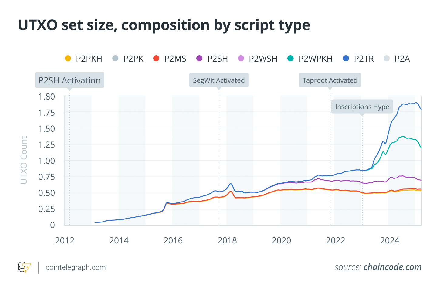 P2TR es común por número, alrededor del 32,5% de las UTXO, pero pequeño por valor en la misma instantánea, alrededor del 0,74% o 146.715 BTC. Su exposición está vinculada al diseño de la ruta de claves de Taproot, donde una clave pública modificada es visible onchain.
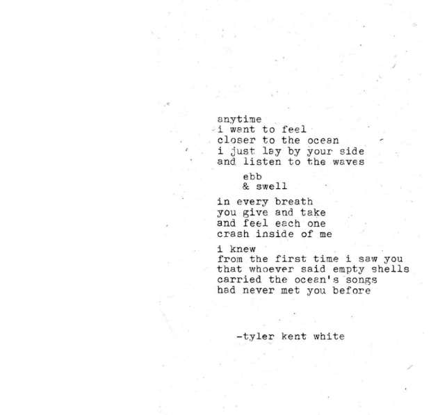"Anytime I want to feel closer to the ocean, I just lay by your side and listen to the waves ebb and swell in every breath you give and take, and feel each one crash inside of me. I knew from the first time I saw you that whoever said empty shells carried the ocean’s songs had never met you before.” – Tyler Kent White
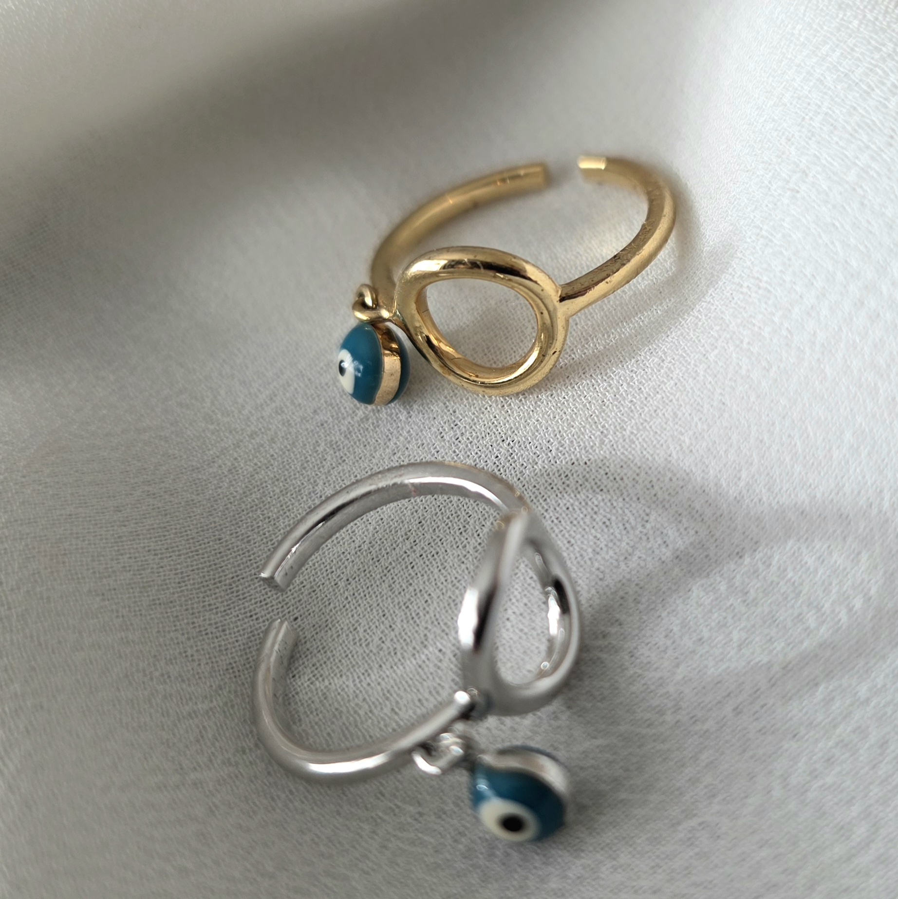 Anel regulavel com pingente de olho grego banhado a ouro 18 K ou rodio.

───

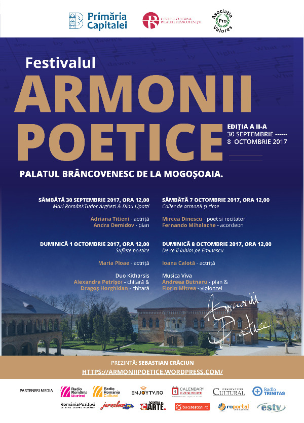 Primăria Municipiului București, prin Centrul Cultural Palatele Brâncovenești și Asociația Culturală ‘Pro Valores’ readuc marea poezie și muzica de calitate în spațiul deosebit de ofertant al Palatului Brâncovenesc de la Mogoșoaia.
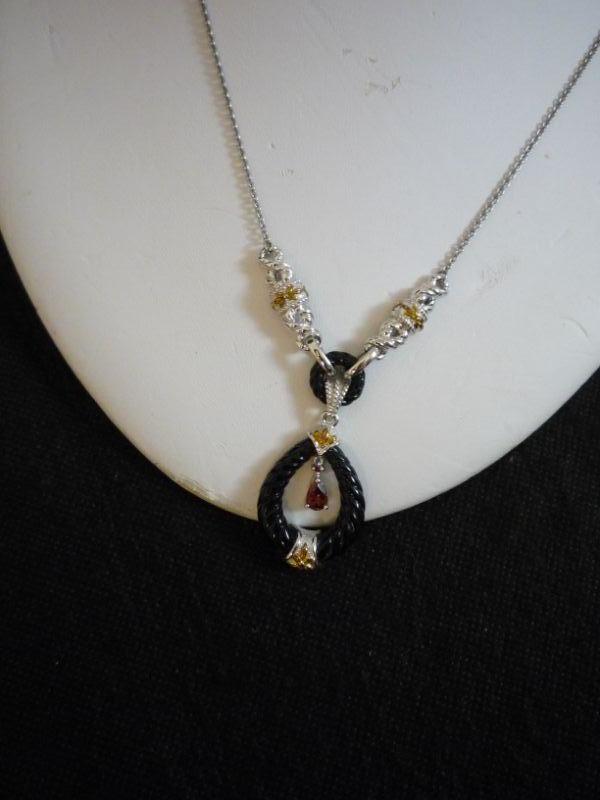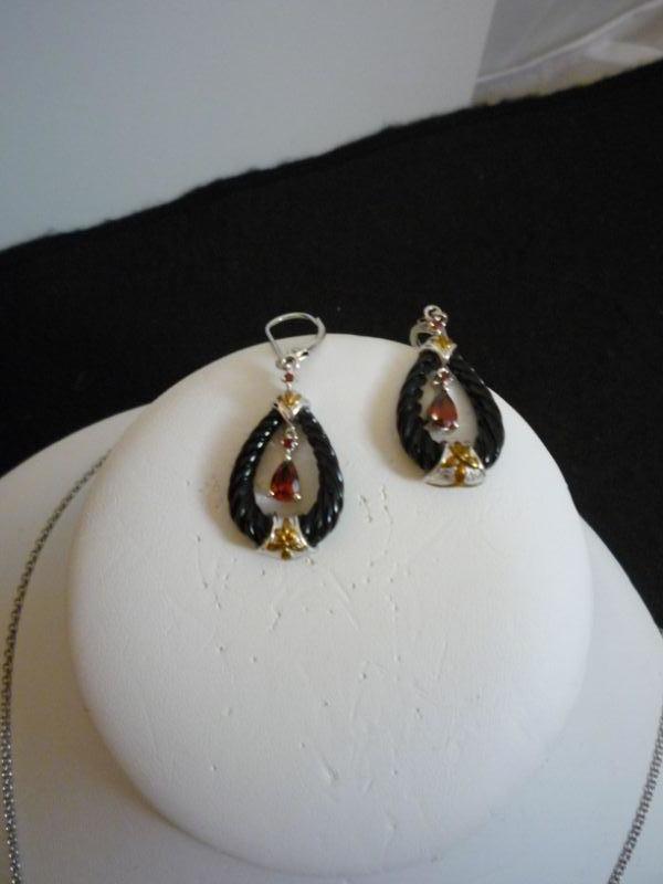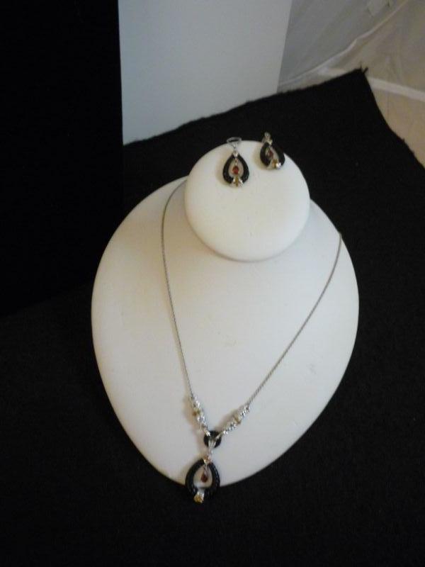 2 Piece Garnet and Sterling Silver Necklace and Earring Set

───

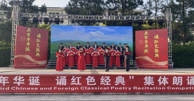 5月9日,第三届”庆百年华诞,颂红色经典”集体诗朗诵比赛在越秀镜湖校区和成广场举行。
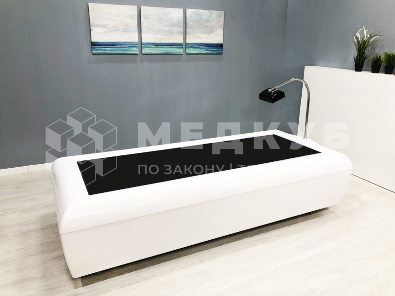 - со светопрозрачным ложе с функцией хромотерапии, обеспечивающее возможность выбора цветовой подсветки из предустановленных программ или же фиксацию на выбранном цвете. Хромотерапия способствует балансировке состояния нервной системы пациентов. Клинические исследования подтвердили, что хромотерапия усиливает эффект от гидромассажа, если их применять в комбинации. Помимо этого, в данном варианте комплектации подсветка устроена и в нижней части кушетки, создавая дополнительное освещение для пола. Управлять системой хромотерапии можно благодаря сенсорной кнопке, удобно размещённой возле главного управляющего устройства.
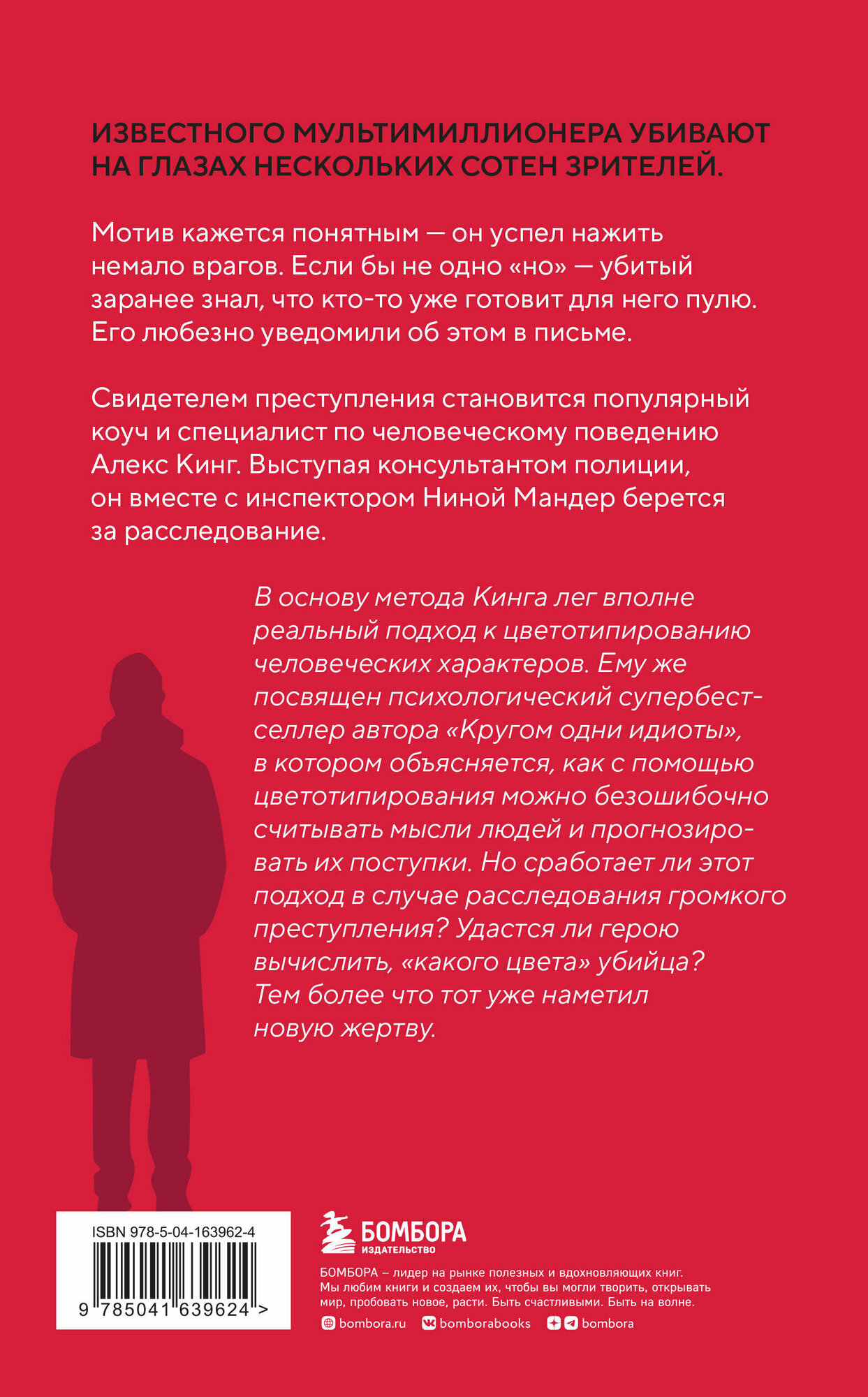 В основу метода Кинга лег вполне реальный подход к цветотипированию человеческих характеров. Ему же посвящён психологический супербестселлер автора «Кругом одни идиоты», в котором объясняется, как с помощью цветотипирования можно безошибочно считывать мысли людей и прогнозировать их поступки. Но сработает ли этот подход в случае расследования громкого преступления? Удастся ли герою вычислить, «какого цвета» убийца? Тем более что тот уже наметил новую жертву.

───

**TASK BRIEF:** Return exactly the lines that appear in the data above between the line containing "Primăria Municipiului București, prin" and the line containing "2 Piece Garnet", both of which are included, and leave the pictures out.

**RESPONSE BELOW:**
 Primăria Municipiului București, prin Centrul Cultural Palatele Brâncovenești și Asociația Culturală ‘Pro Valores’ readuc marea poezie și muzica de calitate în spațiul deosebit de ofertant al Palatului Brâncovenesc de la Mogoșoaia.
 2 Piece Garnet and Sterling Silver Necklace and Earring Set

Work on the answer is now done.